Lying back on a hammock and patio chairs, the four of us stare up at a sky perforated with light. The Big Dipper. The North Star. Jupiter. Cassieopia. And across the top, like a hazy cummerbund, the Milky Way.
It's the last night of August, the middle night of the Labor Day weekend. We're on the dock at the cabin of friends on Burntside Lake near Ely. We are spanking clean from the sauna and subsequent plunges in the lake. The night is soft and warm. A gentle breeze sweeps across our bare arms and legs. Now we simply lie back, beholding the wonder and mystery of the galaxy, announcing each shooting star.
Three Labs -- two blacks and a yellow -- click toenails on the cedar planks, moving from one of us to another, seeking love. Or at least an ear rub.
Perhaps there is a heaven. I am not sure about that. All I know is that life here on Earth does not get much sweeter than this. Old friends. Cabin lights winking yellow across the lake. The black treeline of wise old pines.

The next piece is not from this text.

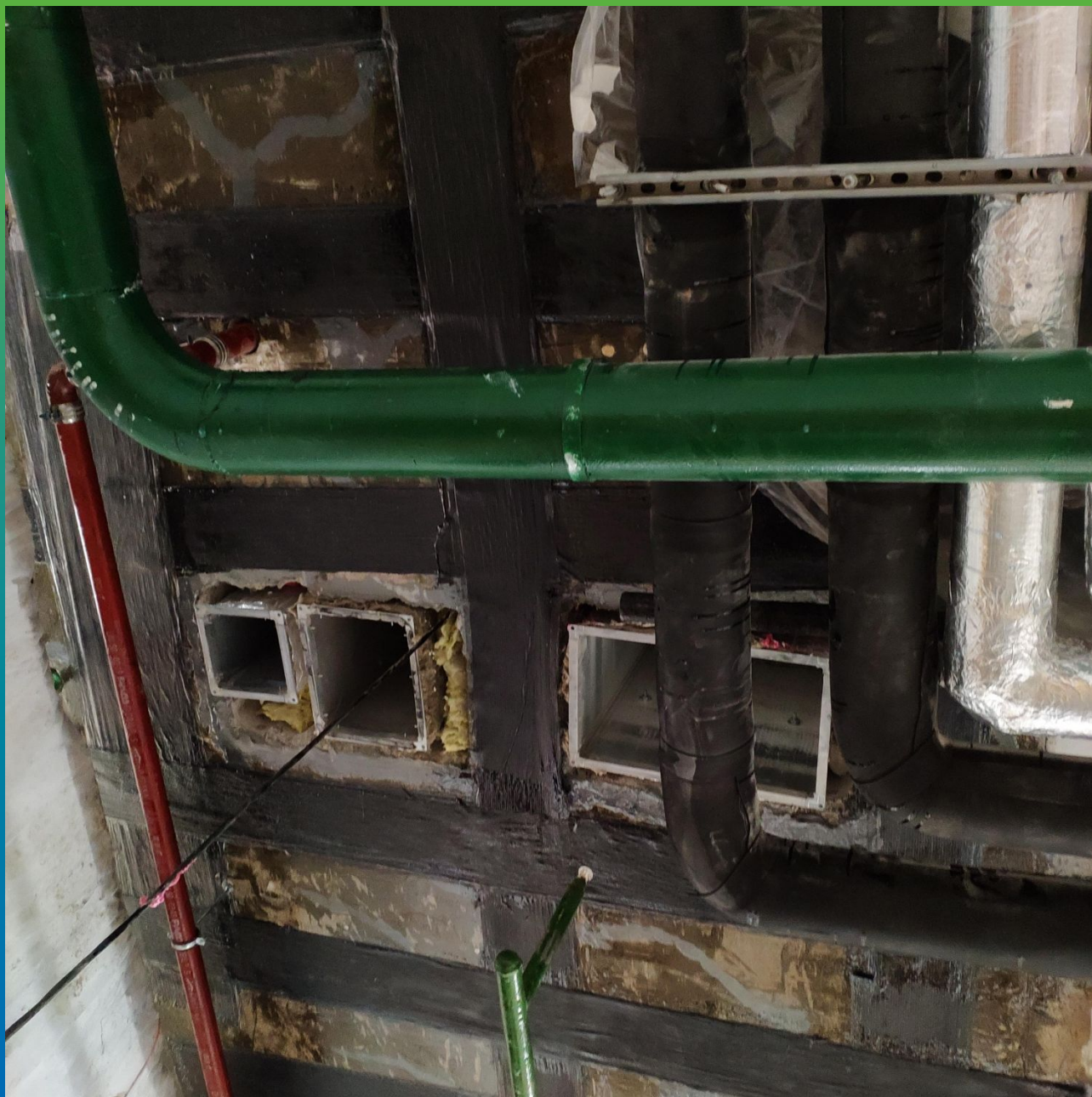
Монтаж КСУ. Этап 2.

The cabin days are as good as the cabin nights. Eagles carve circles against the sky. A hen mallard wings past the dock at eye level. And, most improbably, a chickadee lands on my friend's hand while it's draped over his knee.
ADVERTISEMENT
A couple of us paddle kayaks about 10 miles one afternoon in lively seas. A couple of us specialize in dock talk. The smell of woodsmoke drifts out of the log sauna and over the dock until finally we can wait no longer. It's about 10 steps from the sauna to the end of the dock, where we hurl our beet-red bodies into the night air and wait for the lake to rise up and meet us.
People elsewhere might wonder why we live up here. How we endure the bitter winters. Why we put up with blackflies and mosquitoes. Why we don't just get out of here to someplace where it's always warm.
They don't understand that we aren't after consistency. We are after contrast. We love the sound of dry snow crunching underfoot in February and the call of a whitethroat on a June morning. We value the thunder of a lake making ice on a December night and the sound of waves kissing a piece of Canadian Shield in July. We like the way the heat rolls around from the woodstove to the top bench of the sauna, and we're just as eager for the cool plunge into the waiting lake.
Somewhere out there, loons idle. Mallards sleep. The osprey chicks in the nest just down the bay snuggle down in their basket of sticks.
There are a lot of good places to live in this world. Places with tropical birds and coral reefs and endless beaches. Places with caribou herds and kangaroos and roseate spoonbills.
But here on the dock under a million nightlights, northern Minnesota has never felt more right.